[152598] in North American Network Operators' Group
Re: Cellphones and Audio (was Ghost Click, though I got no idea why)
daemon@ATHENA.MIT.EDU (Joel jaeggli)
Thu May 3 14:04:58 2012
Date: Thu, 03 May 2012 11:03:11 -0700
From: Joel jaeggli <joelja@bogus.com>
To: Jay Ashworth <jra@baylink.com>
In-Reply-To: <24392175.2032.1336066182556.JavaMail.root@benjamin.baylink.com>
Cc: NANOG <nanog@nanog.org>
Errors-To: nanog-bounces+nanog.discuss=bloom-picayune.mit.edu@nanog.org
On 5/3/12 10:29 , Jay Ashworth wrote:
> ----- Original Message -----
>> From: "Adam Atkinson" <ghira@mistral.co.uk>
>
>> Well, just the above seems like enough that you'd think there'd be more
>> (justified) grumbling that thanks to a choice made many many decades ago
>> it's harder to distinguish young or female speakers than it is adult
>> male ones.
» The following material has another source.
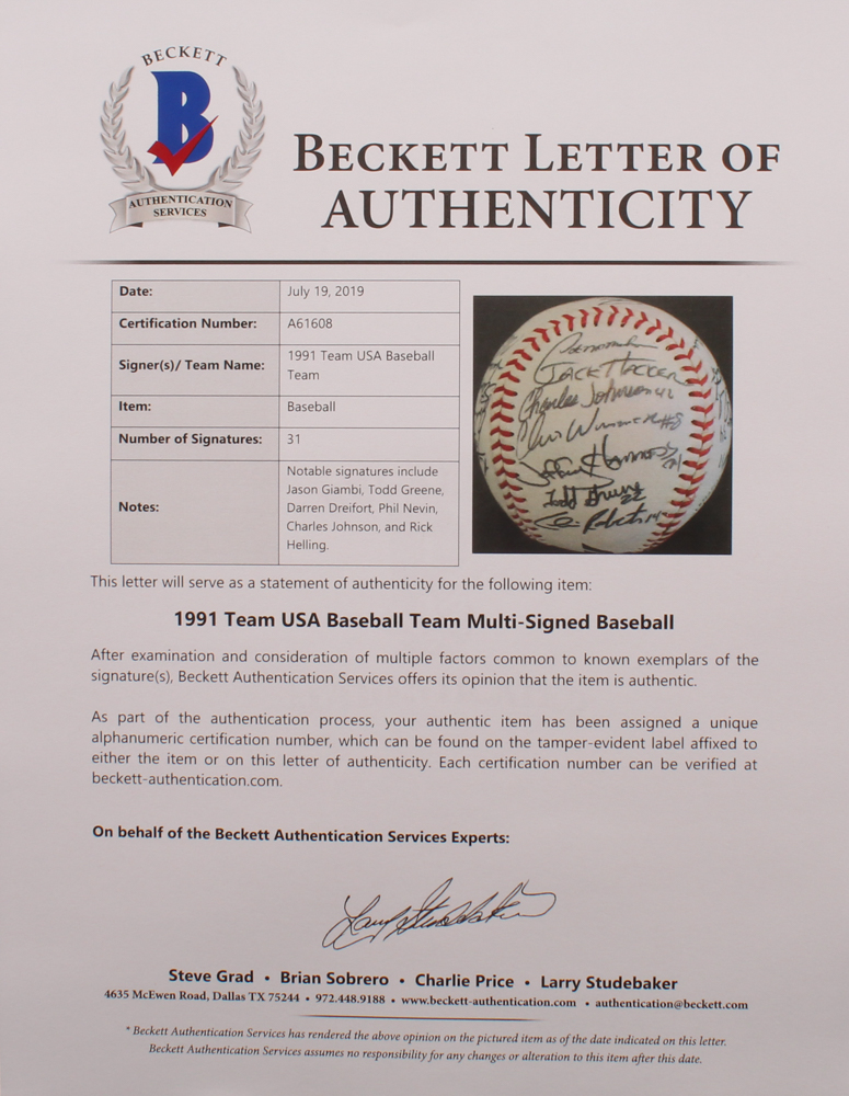 1991 Team USA Collegiate National Team Baseball Signed by (31) with Jason Giambi, Todd Greene, Darren Dreifort, Phil Nevin (Beckett LOA)

Maybe there is and I've just not noticed it. Is this one of
>> the things pushing adoption of higher bandwidth audio codecs? (My guess:
>> no.)
>
> Not directly, I don't think, no. I suspect it's merely "why not?"
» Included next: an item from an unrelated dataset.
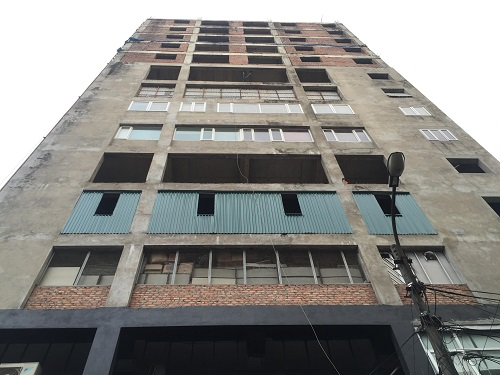 Tòa nhà hỗn hợp dịch vụ, văn phòng và nhà ở kinh doanh tại số 131 Thái Hà (quận Đống Đa, Hà Nội) được thi công cách đây gần chục năm nhưng đến giờ vẫn dở dang, không có thời hạn hoàn thành. Điều đáng nói, dù chưa xây xong nhưng chủ đầu tư đã cho các đơn vị thuê mặt bằng kinh doanh “tùm lum” gây mất mỹ quan đô thị và vi phạm các quy định hiện hành.

wideband codecs carry music a lot better.
the can have considerably more dynamic range than you can expect from an
8 bit pcm mulaw encoding (about 45bB). that helps a lot in the speaker
phone situation.
if you have the opportunity to compare pstn and mp3 recordings of the
same meeting like I do on occasion the difference is considerable.